Data items

━━━━━━━━━━━━━━━━━━━━

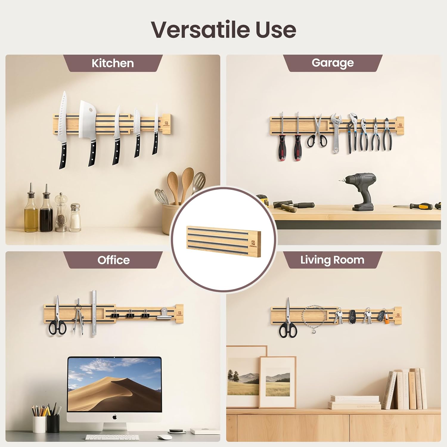 Versatile Magnetic Strip for Every Space: Revolutionize your organization with this magnetic knife holder! Perfect for homemakers, chefs, and DIY enthusiasts, it keeps everything from heavy cleavers, chef’s knives, scissors, spatulas, whisks, and tongs neatly accessible in the home kitchen. In garages or tool room, it securely holds hammers, screwdrivers, wrenches, pliers, and saw blades. Perfect for dorms, apartments, laundry rooms, utility rooms, office, restaurants, RVs, workshops, and even boats, ensuring every item stays in place.
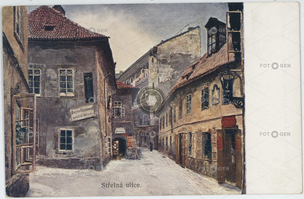 art autotypie barevná colored čtyřbarevná autotypie drawing kolorovaná malba místopis Na Františku neexistující budova nonexistent building Old Town painting Passage polotón Prague Praha průchod Staré Město Střelná topography U Šišlingů ulice Střelná ulička umění
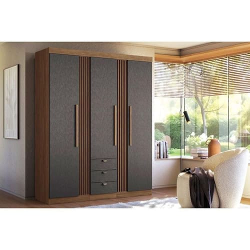 Material de Estrutura - Estrutura 100% MDP Tipo de Pintura - Texturizada Tipo de Acabamento - Acabamento Ripado Alto Padrão Material de Estrutura Fundo Guarda Roupa - Em HDF Diferenciais Guarda Roupas - Calceiro - Sapateira
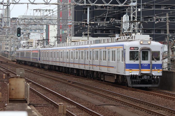 | 最後に6th CHAPTERでは新今宮駅9時35分発(遅れあり)南海線普通和歌山市行き、新今宮駅9時50分発高野線区間急行林間田園都市行きの画像から御紹介します。当CHAPTERの注目は5th CHAPTERで御紹介した7169F復元デザイン車両、珍しく7170車を先頭に関西空港へ向けて出発しました。 |
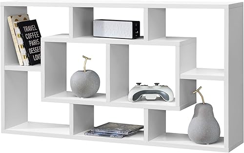[en.casa] Meuble Mural Design Étagère Flottante Stylée 8 Compartiments de Rangement Capacité de Charge 9 kg Panneau de Particules Mélaminé 85 x 16 x 48 cm Effet Béton
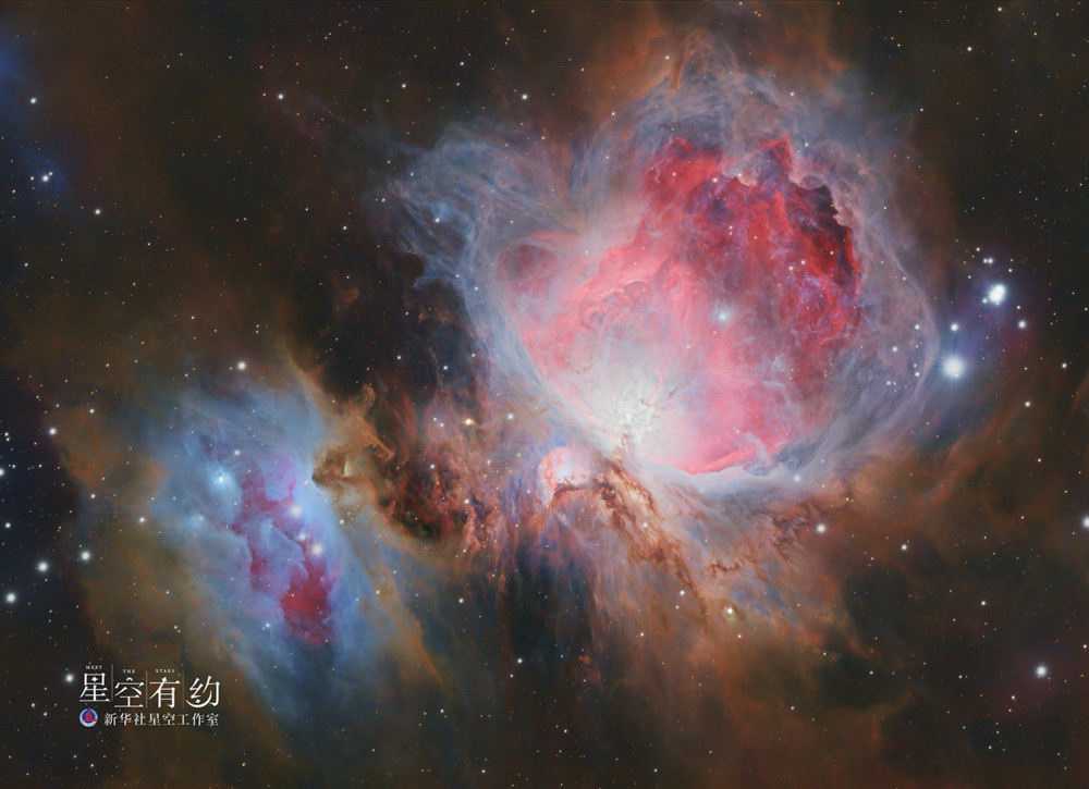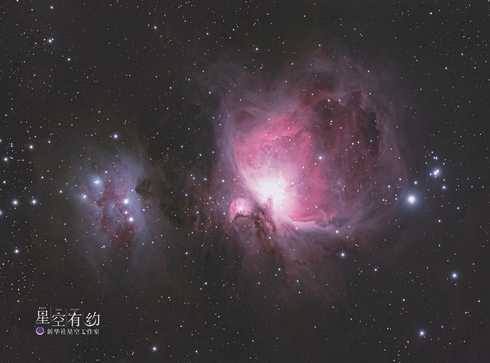新華社天津12月17日電(記者周潤?。┇C戶(hù)座是北半球冬夜最閃耀奪目的星座之一,其中不僅有大名鼎鼎的獵戶(hù)三星,還有赫赫有名的獵戶(hù)座大星云,它是夜空中最亮的星云之一,既像一束散發(fā)出粉紅色光芒的花朵,又似一只燃燒的火鳥(niǎo),非常美麗。
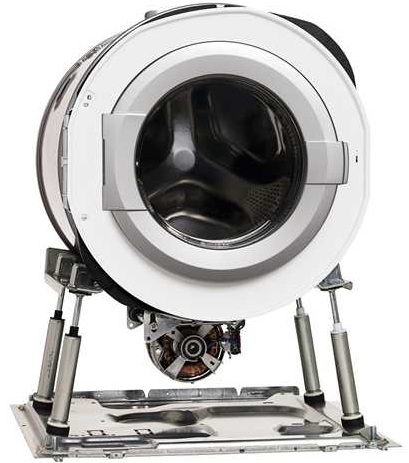 Жесткое крепление бака при помощи четырех независимых стальных направляющих, крепящихся к оцинкованному основанию, не только обеспечивает высокую надежность конструкции, но и полностью гасит все вибрации. Поэтому даже при скорости отжима в 1800 оборотов машинка остается устойчивой и работает практически бесшумно

━━━━━━━━━━━━━━━━━━━━

Exercise details
Would you set down the records above once more, exactly, with the pictures removed?

Result of this exercise
 Versatile Magnetic Strip for Every Space: Revolutionize your organization with this magnetic knife holder! Perfect for homemakers, chefs, and DIY enthusiasts, it keeps everything from heavy cleavers, chef’s knives, scissors, spatulas, whisks, and tongs neatly accessible in the home kitchen. In garages or tool room, it securely holds hammers, screwdrivers, wrenches, pliers, and saw blades. Perfect for dorms, apartments, laundry rooms, utility rooms, office, restaurants, RVs, workshops, and even boats, ensuring every item stays in place.
 art autotypie barevná colored čtyřbarevná autotypie drawing kolorovaná malba místopis Na Františku neexistující budova nonexistent building Old Town painting Passage polotón Prague Praha průchod Staré Město Střelná topography U Šišlingů ulice Střelná ulička umění
 Material de Estrutura - Estrutura 100% MDP Tipo de Pintura - Texturizada Tipo de Acabamento - Acabamento Ripado Alto Padrão Material de Estrutura Fundo Guarda Roupa - Em HDF Diferenciais Guarda Roupas - Calceiro - Sapateira
 | 最後に6th CHAPTERでは新今宮駅9時35分発(遅れあり)南海線普通和歌山市行き、新今宮駅9時50分発高野線区間急行林間田園都市行きの画像から御紹介します。当CHAPTERの注目は5th CHAPTERで御紹介した7169F復元デザイン車両、珍しく7170車を先頭に関西空港へ向けて出発しました。 |
[en.casa] Meuble Mural Design Étagère Flottante Stylée 8 Compartiments de Rangement Capacité de Charge 9 kg Panneau de Particules Mélaminé 85 x 16 x 48 cm Effet Béton
新華社天津12月17日電(記者周潤?。┇C戶(hù)座是北半球冬夜最閃耀奪目的星座之一,其中不僅有大名鼎鼎的獵戶(hù)三星,還有赫赫有名的獵戶(hù)座大星云,它是夜空中最亮的星云之一,既像一束散發(fā)出粉紅色光芒的花朵,又似一只燃燒的火鳥(niǎo),非常美麗。
 Жесткое крепление бака при помощи четырех независимых стальных направляющих, крепящихся к оцинкованному основанию, не только обеспечивает высокую надежность конструкции, но и полностью гасит все вибрации. Поэтому даже при скорости отжима в 1800 оборотов машинка остается устойчивой и работает практически бесшумно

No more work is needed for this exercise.